Monday, December 12, 2011


Naguib Mahfouz, December 11,1911-August 30, 2006

Naguib Mahfouz was born 100 years ago yesterday. He is credited as one of the first modern novelists of Egypt and one of the first writers of contemporary Arabic literature. He published over 50 novels beginning in the 1930s, but was not translated into English until around 1970. In 1988 he won the Nobel Prize for Literature after which many of his novels began to appear in English.

In 1999 I read The Memoirs of Cleopatra, a novel by Margaret George. Around that time I also read Wilbur Smith's River God. After reading The Egyptian by Mika Waltari in 2005, I suddenly began to wonder how Egypt of the Egyptian empire became the Egypt of today. I made a quick study of the history of Egypt on Wikipedia, just enough to feel overwhelmed by the county's long and tumultuous story.

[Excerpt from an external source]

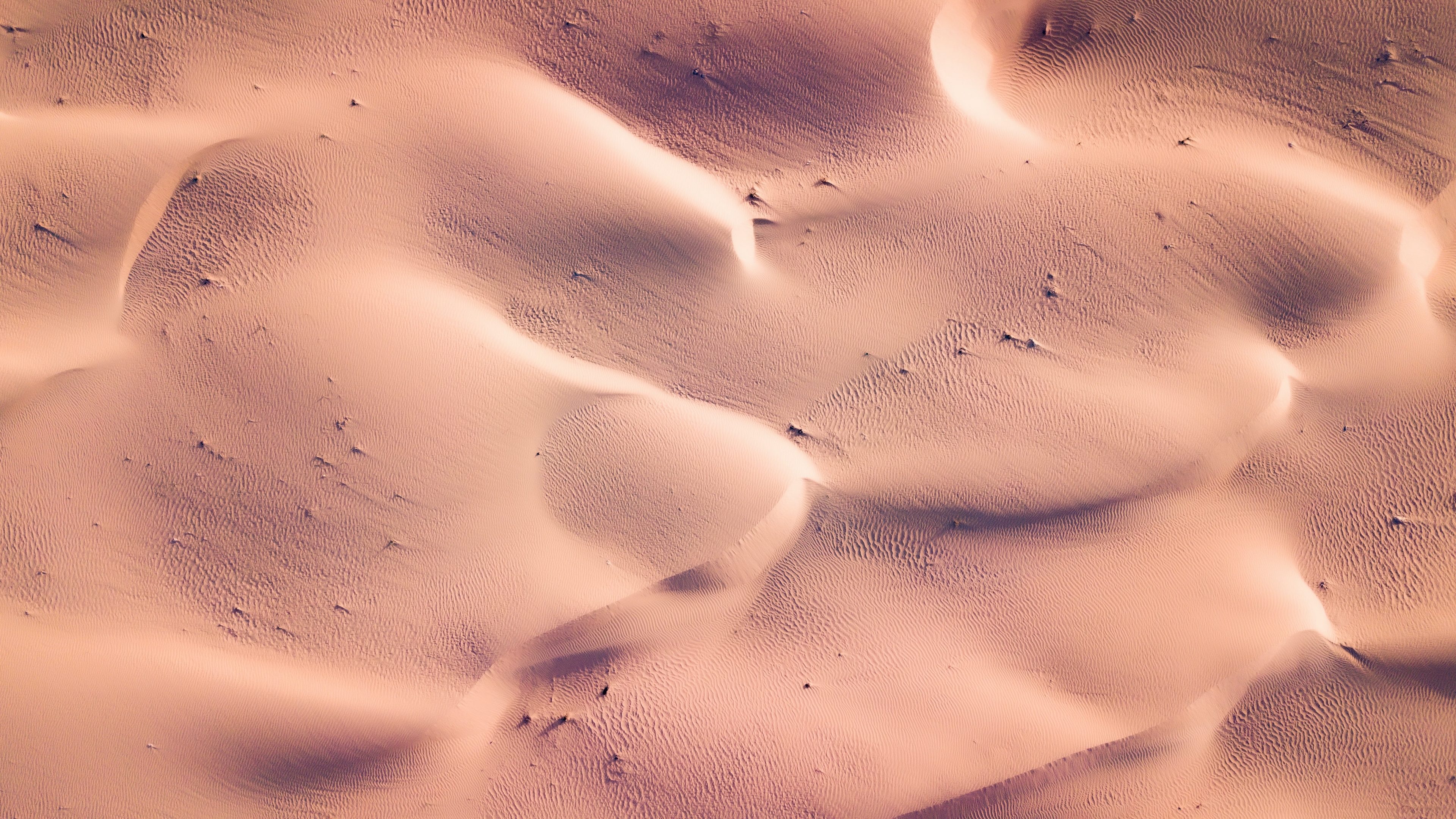 Description: A desert with a lot of sand dunes and a sky background that is very soft and blurry and shows the sand blowing in the wind.

By that time I had heard of Mahfouz because his Cairo Trilogy had been translated into English, a project overseen in part by Jackie Kennedy Onassis during her stint as an editor at Doubleday Books. Each volume was conspicuously reviewed as it was released and Mahfouz became widely known in the United States for the first time.

Mahfouz wrote his novels about contemporary times in Cairo with his overall theme being the impact of social change on the lives of ordinary people. If you wish to learn what it has been like to be an Egyptian person since the 1930s, reading Mahfouz will give you that insight.

I first read Midaq Alley, published in Egypt in 1947, in the United States by Doubleday in 1966. I entered a world of eccentric characters living in an alley in the old section of Cairo during World War II. The influence of Western culture, particularly British, was gradually eroding the religious faith and morals of these people, causing conflict between generations and the sexes. I became a fan.

I have since read The Beginning and the End, from 1947 and the entire Cairo Trilogy: Palace Walk, Palace of Desire, & Sugar Street. Once I became accustomed to Mahfouz's pace and style, his characters and their lives captured my interest. I intend to read through all of his novels that are available in English as I move through My Big Fat Reading Project.

In 1994 an attempted assassination by Islamic extremists reduced Mahfouz to ill health leaving him unable to write for more than a few minutes a day. He lived for twelve more years under constant bodyguard protection. He was the oldest living Noble Literature laureate, the third oldest of all time and the only Arabic language writer to win the prize.